» **YOUR OBJECTIVE**:
Your answer should be only the lines below from the one with "gauč, posteľ, práčka" to the one with "Expositor temático da", repeated exactly, ends included.

══ MATERIAL FOR THE TASK ══

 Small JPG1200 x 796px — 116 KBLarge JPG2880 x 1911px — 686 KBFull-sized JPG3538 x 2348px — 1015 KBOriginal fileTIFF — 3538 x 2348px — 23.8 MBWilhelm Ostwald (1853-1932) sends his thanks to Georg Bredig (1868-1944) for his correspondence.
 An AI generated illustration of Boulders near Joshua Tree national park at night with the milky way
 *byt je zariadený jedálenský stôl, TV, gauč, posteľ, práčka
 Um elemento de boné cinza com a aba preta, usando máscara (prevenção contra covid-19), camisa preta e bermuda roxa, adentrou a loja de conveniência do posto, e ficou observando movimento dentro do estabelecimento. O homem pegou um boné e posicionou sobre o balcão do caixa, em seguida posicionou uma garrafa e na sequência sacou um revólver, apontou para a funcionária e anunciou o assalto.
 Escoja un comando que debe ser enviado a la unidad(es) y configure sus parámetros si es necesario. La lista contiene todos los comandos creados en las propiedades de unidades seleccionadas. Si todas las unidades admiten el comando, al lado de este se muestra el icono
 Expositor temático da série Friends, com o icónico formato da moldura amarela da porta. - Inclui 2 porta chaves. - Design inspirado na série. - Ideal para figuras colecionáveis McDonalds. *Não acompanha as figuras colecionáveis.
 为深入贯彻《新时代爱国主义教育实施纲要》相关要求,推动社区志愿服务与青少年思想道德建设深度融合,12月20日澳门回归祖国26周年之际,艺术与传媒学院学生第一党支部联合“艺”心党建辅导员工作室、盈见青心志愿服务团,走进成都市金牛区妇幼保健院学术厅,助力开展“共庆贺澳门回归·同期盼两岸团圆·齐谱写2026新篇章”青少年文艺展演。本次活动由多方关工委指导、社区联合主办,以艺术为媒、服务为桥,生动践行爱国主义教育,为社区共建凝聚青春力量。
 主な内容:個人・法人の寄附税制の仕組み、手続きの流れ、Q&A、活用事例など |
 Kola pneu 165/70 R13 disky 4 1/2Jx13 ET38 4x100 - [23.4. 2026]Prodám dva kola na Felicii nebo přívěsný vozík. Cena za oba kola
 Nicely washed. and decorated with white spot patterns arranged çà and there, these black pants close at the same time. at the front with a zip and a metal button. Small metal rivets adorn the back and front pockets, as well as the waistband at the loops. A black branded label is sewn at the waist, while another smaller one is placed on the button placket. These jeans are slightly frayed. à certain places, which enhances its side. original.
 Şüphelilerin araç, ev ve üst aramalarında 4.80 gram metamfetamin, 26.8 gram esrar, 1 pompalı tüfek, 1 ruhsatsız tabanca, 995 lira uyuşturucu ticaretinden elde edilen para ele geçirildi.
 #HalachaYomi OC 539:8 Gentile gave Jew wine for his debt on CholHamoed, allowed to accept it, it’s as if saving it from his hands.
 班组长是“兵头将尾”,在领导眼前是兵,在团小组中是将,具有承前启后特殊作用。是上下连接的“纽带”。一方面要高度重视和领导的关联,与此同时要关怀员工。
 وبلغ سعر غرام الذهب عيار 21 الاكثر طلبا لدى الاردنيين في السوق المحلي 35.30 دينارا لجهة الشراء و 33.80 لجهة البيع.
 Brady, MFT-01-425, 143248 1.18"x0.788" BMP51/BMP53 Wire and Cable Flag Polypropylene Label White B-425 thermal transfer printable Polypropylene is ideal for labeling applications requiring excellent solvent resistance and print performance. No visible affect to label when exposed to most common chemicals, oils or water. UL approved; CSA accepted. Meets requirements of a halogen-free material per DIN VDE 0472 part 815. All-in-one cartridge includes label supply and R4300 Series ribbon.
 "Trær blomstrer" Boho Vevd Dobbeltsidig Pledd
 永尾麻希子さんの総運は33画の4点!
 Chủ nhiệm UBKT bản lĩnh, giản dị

═══

» **ANSWER AREA**:
 *byt je zariadený jedálenský stôl, TV, gauč, posteľ, práčka
 Um elemento de boné cinza com a aba preta, usando máscara (prevenção contra covid-19), camisa preta e bermuda roxa, adentrou a loja de conveniência do posto, e ficou observando movimento dentro do estabelecimento. O homem pegou um boné e posicionou sobre o balcão do caixa, em seguida posicionou uma garrafa e na sequência sacou um revólver, apontou para a funcionária e anunciou o assalto.
 Escoja un comando que debe ser enviado a la unidad(es) y configure sus parámetros si es necesario. La lista contiene todos los comandos creados en las propiedades de unidades seleccionadas. Si todas las unidades admiten el comando, al lado de este se muestra el icono
 Expositor temático da série Friends, com o icónico formato da moldura amarela da porta. - Inclui 2 porta chaves. - Design inspirado na série. - Ideal para figuras colecionáveis McDonalds. *Não acompanha as figuras colecionáveis.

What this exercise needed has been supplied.